• _Exercise requirements_
Repeat every entry word for word, but leave the images out of your copy.

-=-=-

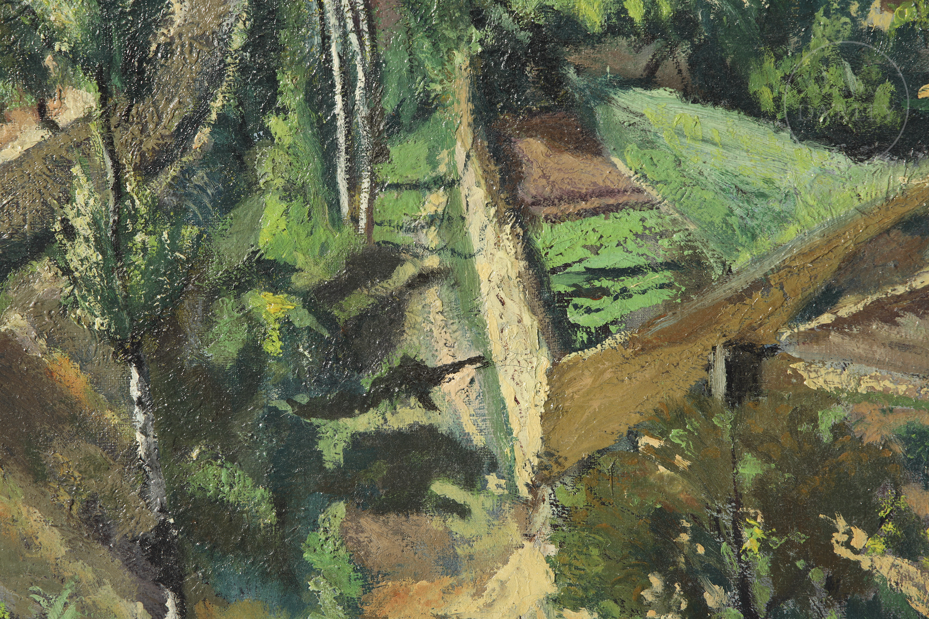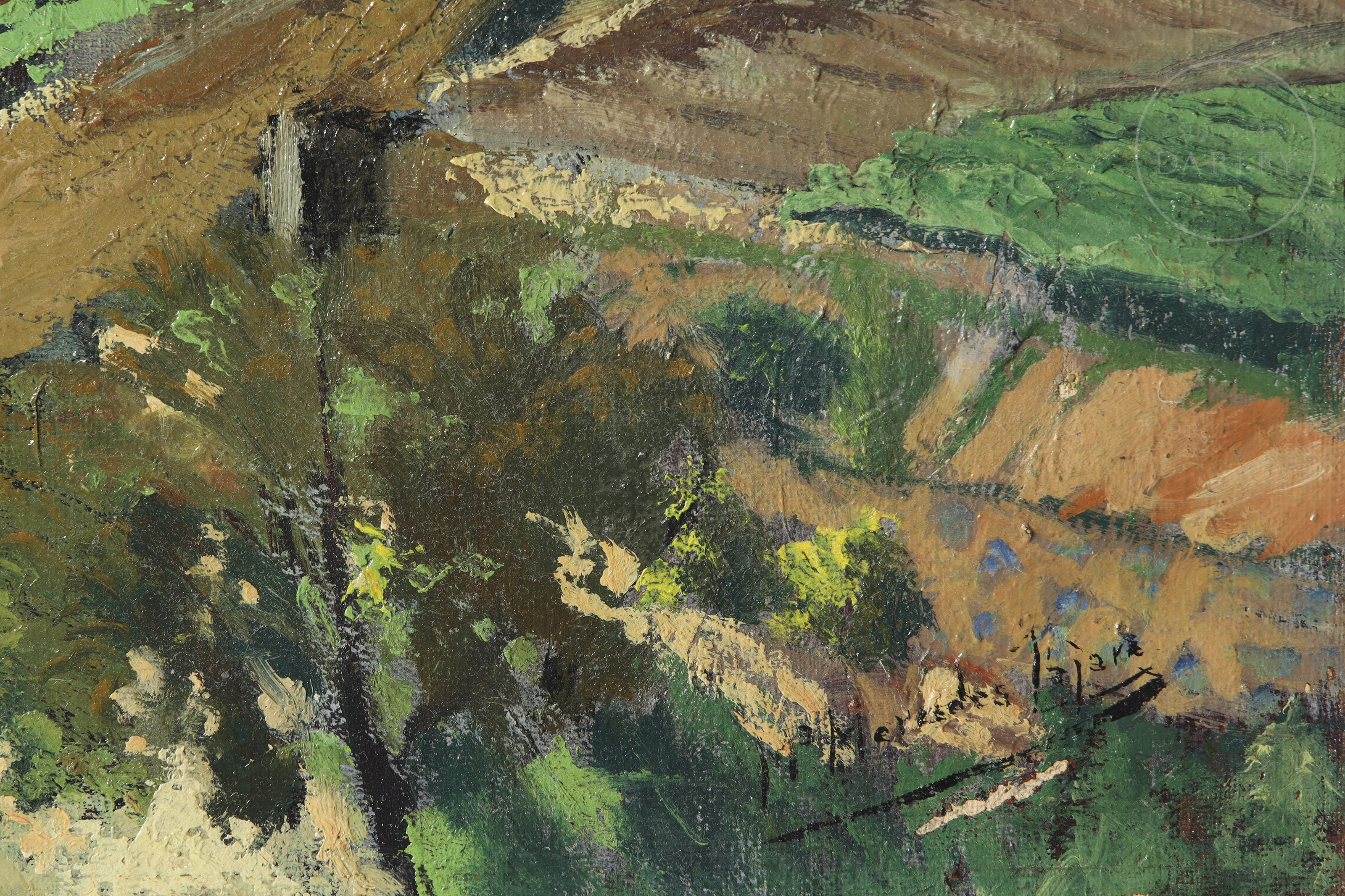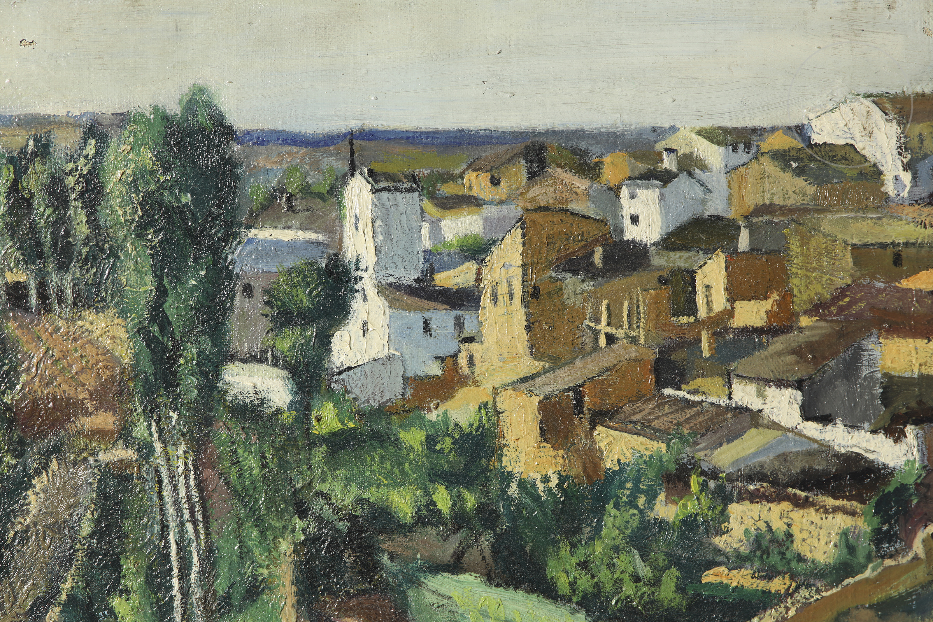 Óleo sobre lienzo. Paisaje urbano y rural que captura una vista elevada de un núcleo poblacional integrado en un entorno agrícola. La obra destaca por una pincelada suelta y vibrante. Firmado "Mª Mercedes Lajara" en la esquina inferior derecha.
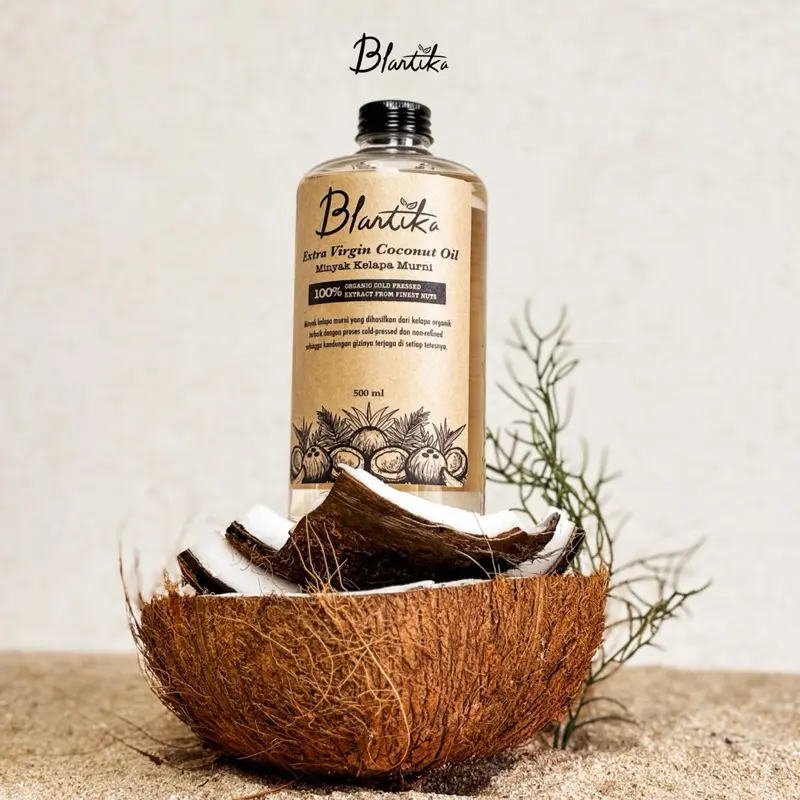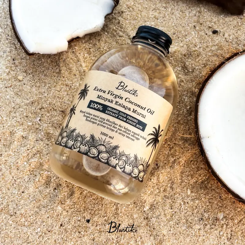 EVCO Blantika diekstraksi dan diolah dari kelapa terpilih dengan Cold Pressed. Proses ini memastikan semua nutrisi tetap utuh. Dengan pengupasan kulit dan pemurnian metode sentrifugal, rasa & aroma EVCO sangat jernih, ringan di telan, dan aroma sedap.
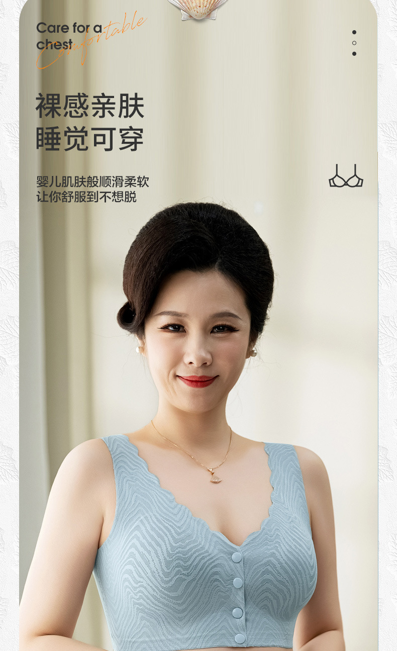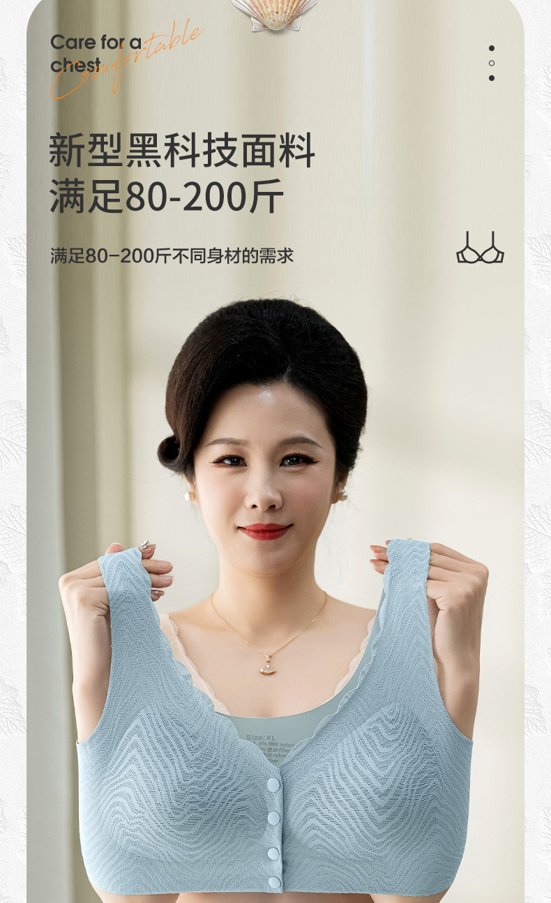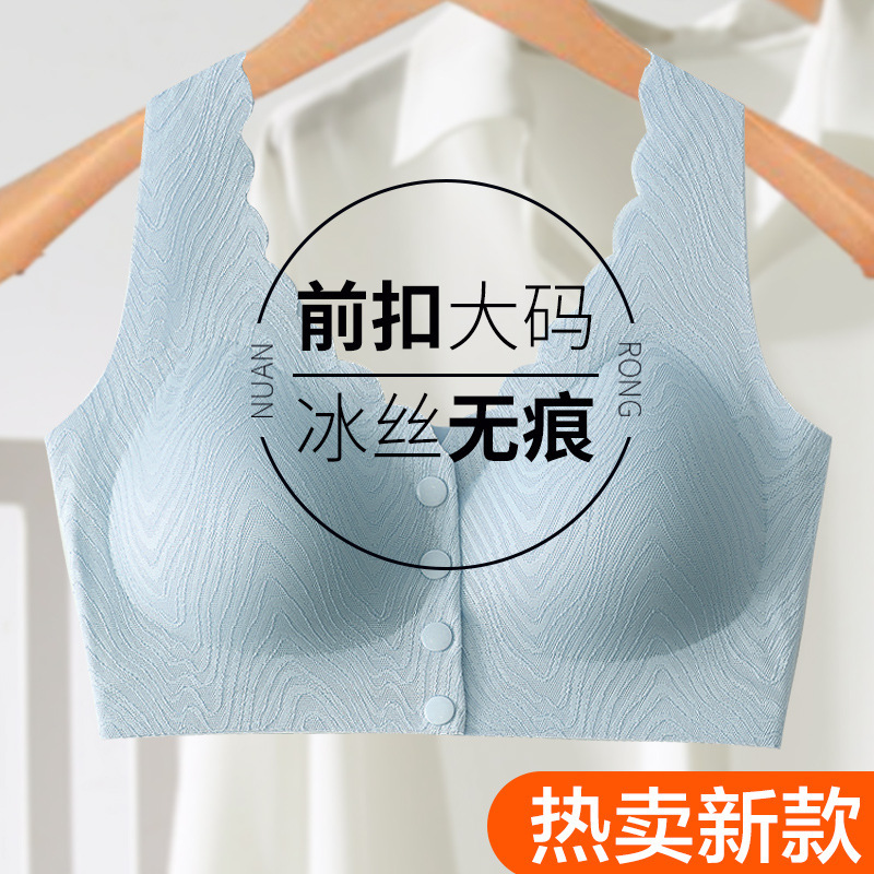 엄마 속옷 여성의 여름 얇은 중년 및 노인 사람들의 얼음 실크 tracless 플러스 사이즈 앞 버클 브라 스틸 링 조끼 브라스토어 가기
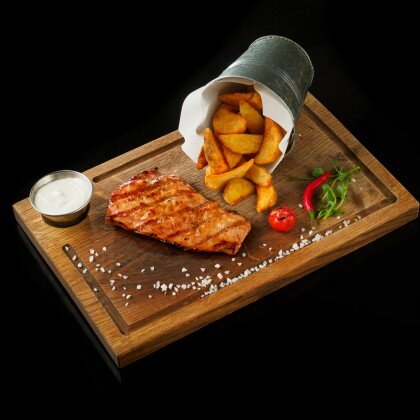 Грудь индюшки с соусом дорблю и дольками картохи в кожуре
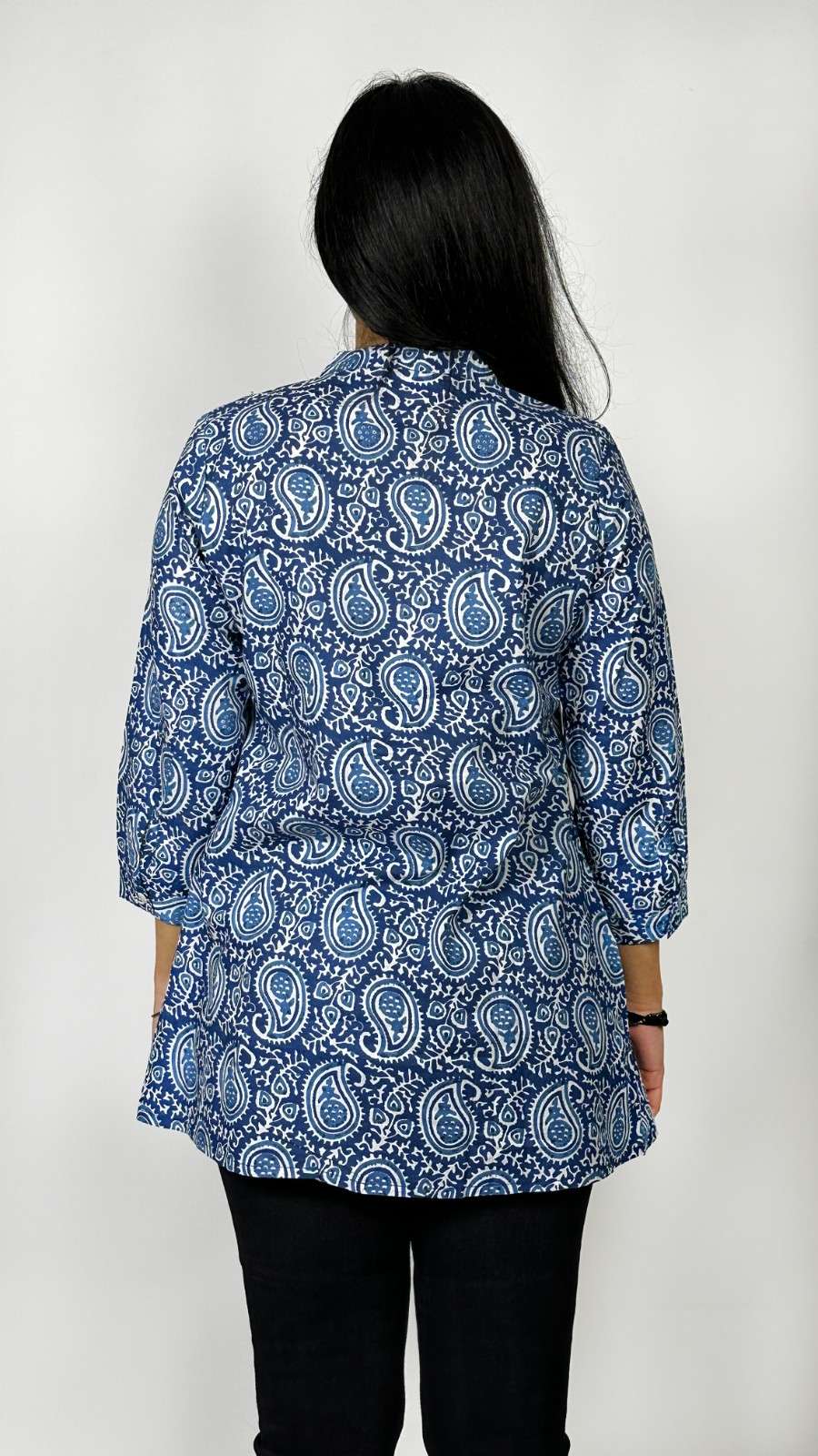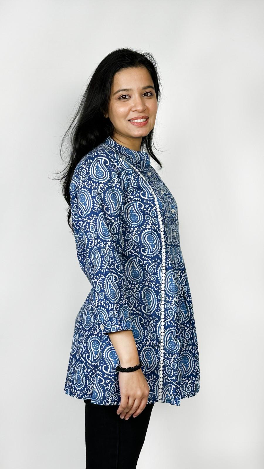 A screen-printed short cotton kurti emphasizing the princess line with lace detailing. Band collar with buttons for ease of wearing. Best suited for semi-formal occasions and colleges. Lightweight and breathable with a complete summer vibe and a few gathers in the front to add a feminine touch with 3/4th sleeves.
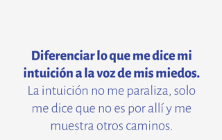 Diferenciar lo que me dice mi intuición a la voz de mis miedos. La intuición no me paraliza, solo me dice que no es por allí y me muestra otros caminos.
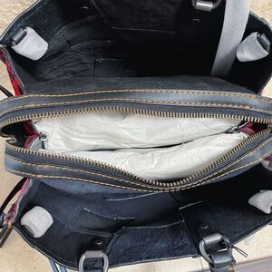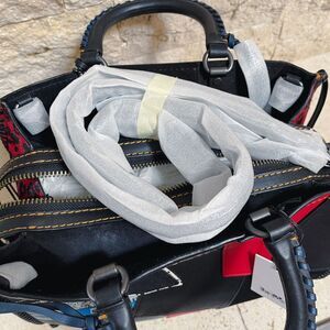 Coach 1941 Rogue 30 Embellished Patchwork Whipstitch Mixed Leather Bag in Red Multi. Features black natural pebble leather, glove tanned smooth leather, animal print sides, center zip closure between two open compartments, inside zip and french purse pockets, fringe studded detail zipper pulls, braided handles with 3.5" drop, optional shoulder crossbody strap with 10" drop, four feet on bottom. Style 58159. NWT / New with tags. Never been carried or used.
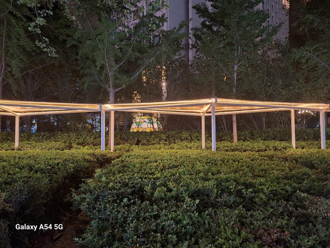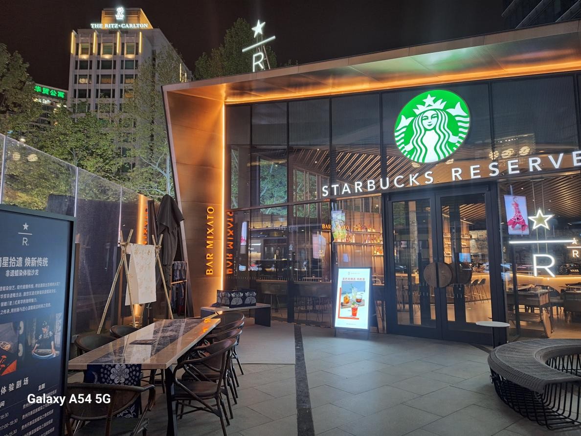 主摄F1.8的超大光圈让三星Galaxy A54 5G拥有非常出众的夜景拍摄能力。从这张咖啡店夜景样张可以看出三星Galaxy A54 5G拥有非常出色的降噪能力,照片中没有明显的噪点,画面显得非常纯净;再来看一下夜景灯牌,尽管颜色比较复杂,但是也很好地展示出不同颜色间的层次感,并且对高光之处进行了有效的压制,没有出现过曝的情况;面对较为昏暗的场景,三星Galaxy A54 5G能够对画面亮度进行有效的提升,保留更多的暗部细节。

-=-=-

• _Answer area_
 Óleo sobre lienzo. Paisaje urbano y rural que captura una vista elevada de un núcleo poblacional integrado en un entorno agrícola. La obra destaca por una pincelada suelta y vibrante. Firmado "Mª Mercedes Lajara" en la esquina inferior derecha.
 EVCO Blantika diekstraksi dan diolah dari kelapa terpilih dengan Cold Pressed. Proses ini memastikan semua nutrisi tetap utuh. Dengan pengupasan kulit dan pemurnian metode sentrifugal, rasa & aroma EVCO sangat jernih, ringan di telan, dan aroma sedap.
 엄마 속옷 여성의 여름 얇은 중년 및 노인 사람들의 얼음 실크 tracless 플러스 사이즈 앞 버클 브라 스틸 링 조끼 브라스토어 가기
 Грудь индюшки с соусом дорблю и дольками картохи в кожуре
 A screen-printed short cotton kurti emphasizing the princess line with lace detailing. Band collar with buttons for ease of wearing. Best suited for semi-formal occasions and colleges. Lightweight and breathable with a complete summer vibe and a few gathers in the front to add a feminine touch with 3/4th sleeves.
 Diferenciar lo que me dice mi intuición a la voz de mis miedos. La intuición no me paraliza, solo me dice que no es por allí y me muestra otros caminos.
 Coach 1941 Rogue 30 Embellished Patchwork Whipstitch Mixed Leather Bag in Red Multi. Features black natural pebble leather, glove tanned smooth leather, animal print sides, center zip closure between two open compartments, inside zip and french purse pockets, fringe studded detail zipper pulls, braided handles with 3.5" drop, optional shoulder crossbody strap with 10" drop, four feet on bottom. Style 58159. NWT / New with tags. Never been carried or used.
 主摄F1.8的超大光圈让三星Galaxy A54 5G拥有非常出众的夜景拍摄能力。从这张咖啡店夜景样张可以看出三星Galaxy A54 5G拥有非常出色的降噪能力,照片中没有明显的噪点,画面显得非常纯净;再来看一下夜景灯牌,尽管颜色比较复杂,但是也很好地展示出不同颜色间的层次感,并且对高光之处进行了有效的压制,没有出现过曝的情况;面对较为昏暗的场景,三星Galaxy A54 5G能够对画面亮度进行有效的提升,保留更多的暗部细节。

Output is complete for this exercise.